Павел Иванович с досады хлопнул ладонью по коленке.
— Может, в земле самогонный аппарат прячут? — осторожно высказал предположение Санька, сожалея о том, что ночью не довел дело до конца и тем самым дал возможность кулакам ускользнуть.
— А то где же? — задумчиво подтвердил Павел Иванович. — У волков и повадки волчьи. Определенно в земле яму выкопали и дерном прикрыли. Поди-ка найди это место. Матушка-земля велика, Дубравинские леса густые, болотистые.
Неудача давила Рогова, словно тяжелый камень. Он замолчал, сгорбился, бросил в сторону окурок цигарки и тут же снова достал кисет, начал свертывать новую. Санька сбегал к стаду, вернул ушедших на другой бугор молодых телок. Вернувшись, сел возле Павла Ивановича по-татарски, подвернув под себя босые ноги. Хотелось ему сказать Рогову: не горюй, мол, не переживай, все равно придет время, никуда Большов не скроется со своим самогонным аппаратом. Но не сказал. Должно быть, дело не только в том, что не нашелся этот аппарат.
Павел Иванович сидел на поляне, продолжая курить. В жарком мареве сизый дымок мгновенно растворялся. На брюках, в которых Павел Иванович ходил в будни и в праздники, как раз на коленке, лоснилась большая заплата. Он гладил ее шершавой рукой, но глаза его были устремлены куда-то вдаль.
— Переживаешь все ж таки, дядя Павел?
— Как тебе сказать? — вздохнул Павел Иванович. — Конечно, переживаю, но больше сейчас о другом думаю. Эх, Санька! Не за горами уже время, когда не надо будет гоняться за кулаками, заботиться о каждом фунте зерна. Обмоется земля, скинет с себя нечисть, и наступит на ней хорошая жизнь. Перепашут люди межи, станут между собой равными, появятся на полях машины. Ты что-нибудь из сочинений Владимира Ильича Ленина читал?
Санька покраснел, и Павел Иванович, все поняв, продолжал:
— А зря. Забиваешь голову всякими стишками, до настоящего чтения не доходишь. Какая у тебя книжка в сумке-то лежит?
— Графа Толстого «Анна Каренина».
— Ну вот, видишь как: графа Толстого! Да еще, небось, про любовь? А ты комсомолец, тебе надо не графов читать, а наши пролетарские книжки. Учиться, как новую жизнь-то строить. Наперед всего надо читать Ленина.

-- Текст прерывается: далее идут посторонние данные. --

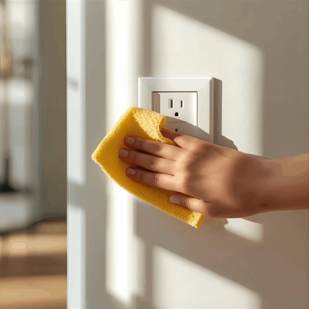 3. コンセント周りの壁やプラグ自体の表面を静電気モップなどで丁寧に拭き、汚れが残らないようにします。必要に応じて硬く絞った乾いた布を使用しても良いでしょう。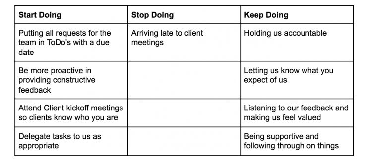 Step 2: The team writes the behaviors they want you to start doing, stop doing, and keep doing. They do this together on a whiteboard or digitally with one person as a scribe.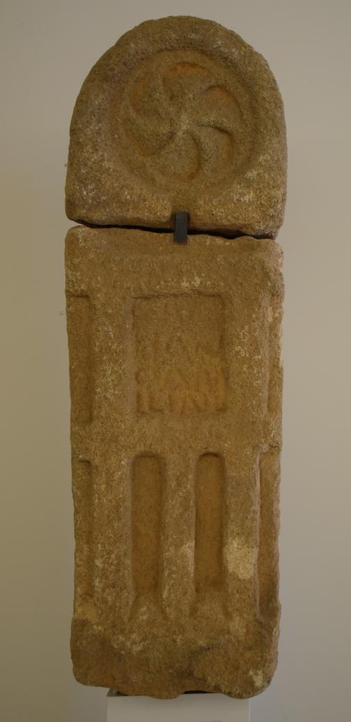 La cabecera está decorada con una rueda de radios curvos de dextrógiros, inscrita en circulo rebajado. El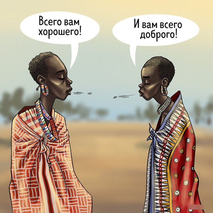 В России плевок в лицо считается жёстким оскорблением и означает глубокое презрение и ненависть к человеку. А вот представители кенийского племени масаи плевками в лицо приветствуют друг друга и выказывают особое радушие и расположение при встрече.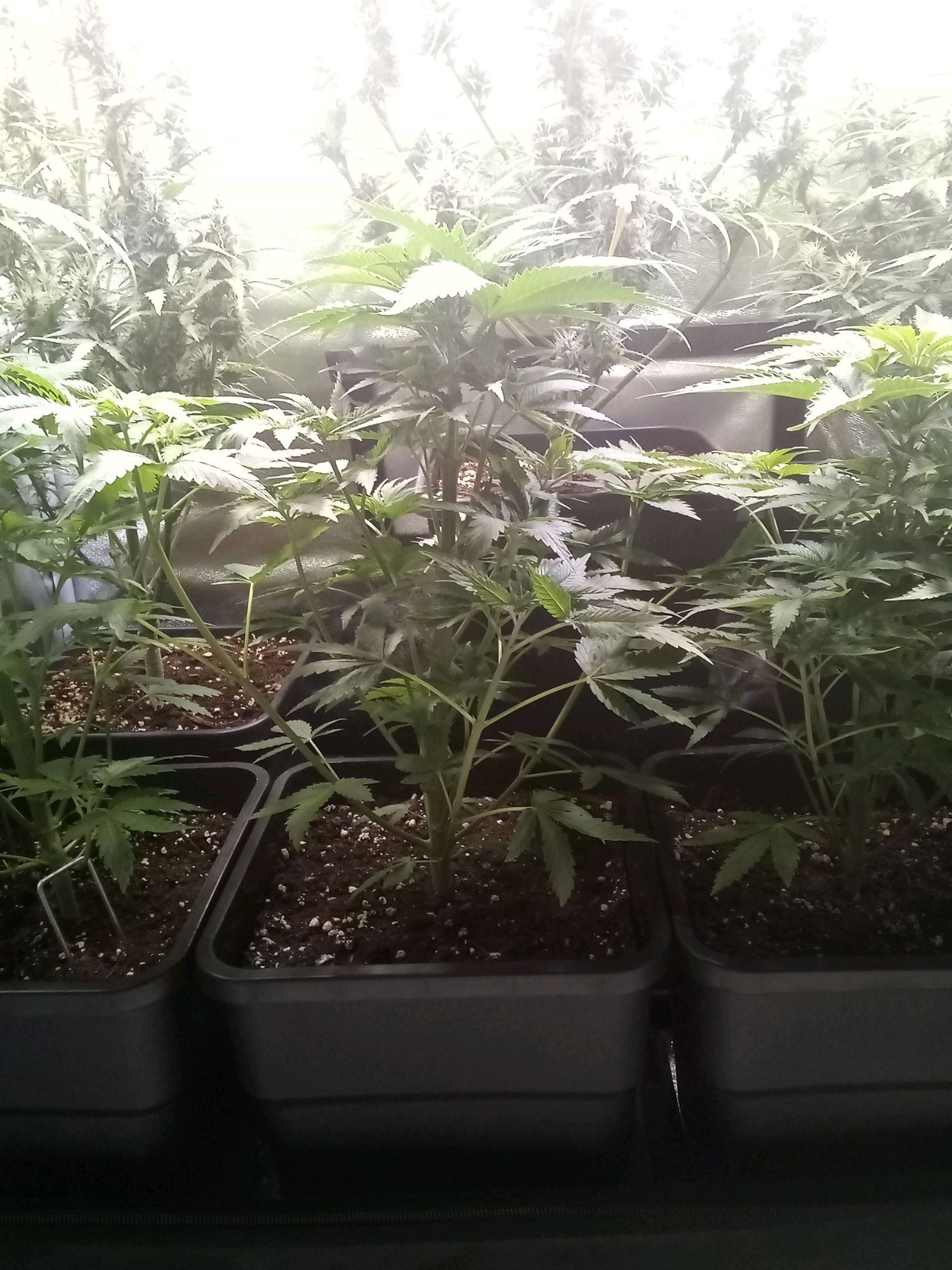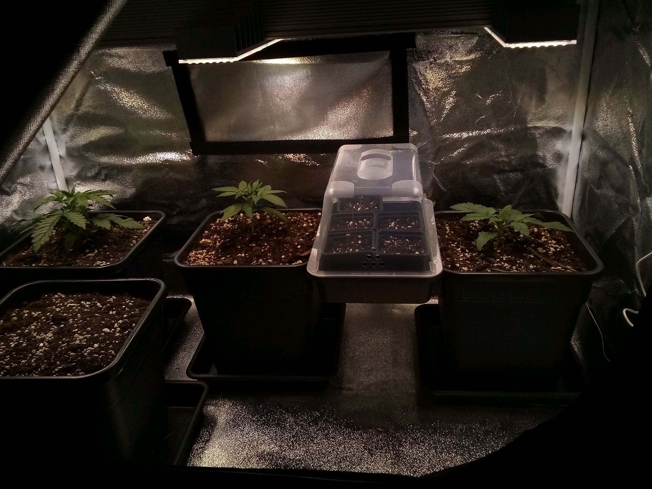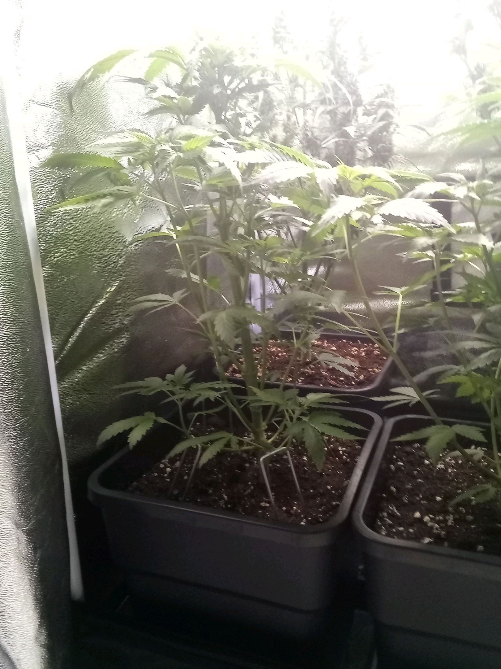 3 Ladys umgetopft in jeweils 11 Liter Plagron All-Mix, die vierte war schon in einem 9 Liter Topf mit BioBizz Light-Mix

— Толстой тоже учит жизни.
— Не знаю, не доводилось мне его читать, недосуг было. Может, он и хорошо пишет, а все ж таки до Ленина ему далеко. Только Ленин открывает нам глаза на правду жизни, ему верь всей душой и никому боле, никакому сочинителю, потому как ближе Ленина никто к народу не стоит. Ну, так вот: появятся на полях машины, хлеба будут расти высокие, колосья, смотри, во-о-о какие длинные, и зерно в них будет не то, что теперешнее, щуплое, а крупное, тяжелое, и много того зерна будет на земле, всем людям хватит да еще, наверно, и останется. А хлеб, братец мой, всему нашему делу основа. Кушать-то ведь всем надо одинаково: что нам, мужикам, то и рабочему человеку. Я вот когда на германской войне был, то от знающих людей слышал, будто французы воробьев жареных едят, потом жужелиц всяких, вустриц (это, слышь, такая раковина морская — вустрица), потому что земель у них мало, да и сеять-то они не охотники, но наш брат, русский человек, хлеб любит. И вот, Санька, когда не станем мы с тобой за рогаль держаться и ковыряться в земле сабаном, а сядем на машину да поднимем пустоши, и залежи, и всякую целину, и когда будет у нас зерна вдоволь, пусть-ка тогда кто-нибудь нас голой рукой хватит! Не пойдем уж мы с тобой тогда к Максе Большову, не будем просить: продай-де, гражданин, хлеба для советской власти. Пусть он тогда к нам придет, мы люди не жадные, дадим хлеба, ешь от пуза, сколько надо! Не знаю вот, дождемся ли мы этого времени, доживем ли?
— Доживем, дядя Павел!
— Ты, может, и доживешь. А мне трудно. Годы уходят, да и время-то теперь жестокое. Того и гляди, кто-нибудь пулю в затылок влепит или эвон, как Федора, камнем из-за угла. Кулак за свое добро держится крепко, новая жизнь для него что петля. По-мирному с ним не разойтись.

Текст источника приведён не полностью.